This or at least one of said objects has been achieved by an elongated telescopic device comprising a support element formed to partly or entirely encompass (nestled) first and second telescopic element mounted so as to be telescopically slidable relative each other in an longitudinal direction; the support element comprises a support element fluid actuator assembly; the first telescopic element is arranged to encompass the second telescopic element and comprises a first fluid actuator assembly; characterized in that the support element fluid actuator assembly is fixed to an interior portion of the support element and is arranged for engagement or disengagement to a first envelope surface of the first telescopic element; and in that the first fluid actuator assembly is fixed to a first interior portion of the first telescopic element and is arranged for engagement or disengagement to a second envelope surface of the second telescopic element.
Thereby is achieved that the elongated telescopic device can be made lightweight and compact since the encompassed telescopic element (hollow boom) is used as a piston rod moved by the fluid actuator assembly simultaneously as it is used as a telescopic element. Thereby is provided that the elongated telescopic device operates in an energy efficient way.
The piston rod engagement and disengagement device
Preferably, a second fluid actuator assembly is fixed to a second interior portion of the second telescoping element and is arranged for engagement or disengagement to a third envelope surface of a third telescoping element.
Thereby is achieved that the third telescoping element can moved into or out from the second telescoping element. Preferably, the inner portion of the telescoping element (first, second, third) may be an inner wall of the telescoping element.
Suitably, the elongated telescopic device comprises a plurality of telescoping elements mounted so as to be telescopically slidable relative each other, each telescoping element comprises a fluid actuator assembly arranged for engagement with (clamping to) an adjacent telescoping element.
Thereby is provided a relatively long telescopic device that can be used as a crane boom or other arm member.
Preferably, a bearing member is arranged between two adjacent telescoping elements, which bearing member comprises bronze alloy and/or tin bronze and/or lead free bronze and/or copper and/or aluminium-bronze and/or carbon graphite.

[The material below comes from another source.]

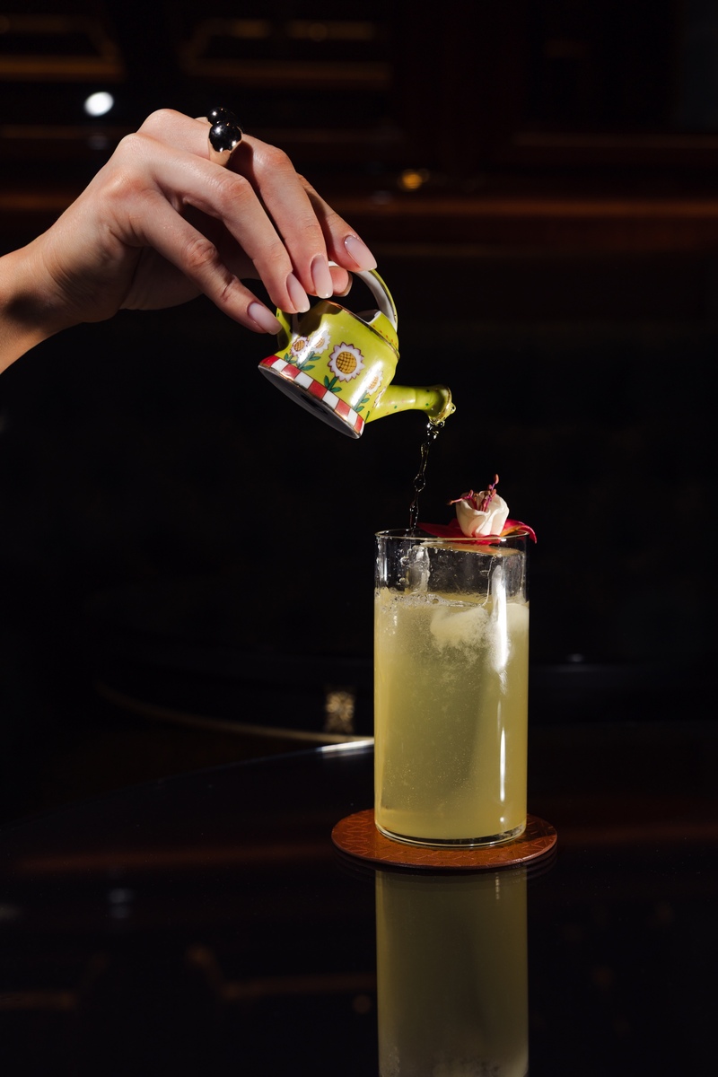 Цветной бульвар соединяет в себе контрасты — от детского смеха до насыщенной истории района. Классическое сочетание маракуйи, водки и игристого здесь становится более тонким: настой на мелиссе добавляет мягкость, а апельсиновый ликер — ароматическую глубину. Подача сопровождается миниатюрной керамической лейкой с просекко.

Thereby is achieved that the telescoping elements slides with decreased friction.
Suitably, the telescoping element exhibits a circular cross-section.
Thereby is achieved that the respective telescoping element can be used as a boom or arm member per se, wherein the respective telescoping element features a hollow piston rod section.
Preferably, at least one fluid actuator assembly comprises a first cylinder chamber and a first piston body having a first expandable hollow space provided for fluid communication with the first cylinder chamber so as to provide (a clamping action) engagement with an envelope surface of an inside positioned telescopic element.
Preferably, the first piston body is slidably arranged in a cylinder housing and divides the cylinder housing into a first cylinder chamber and a second cylinder chamber.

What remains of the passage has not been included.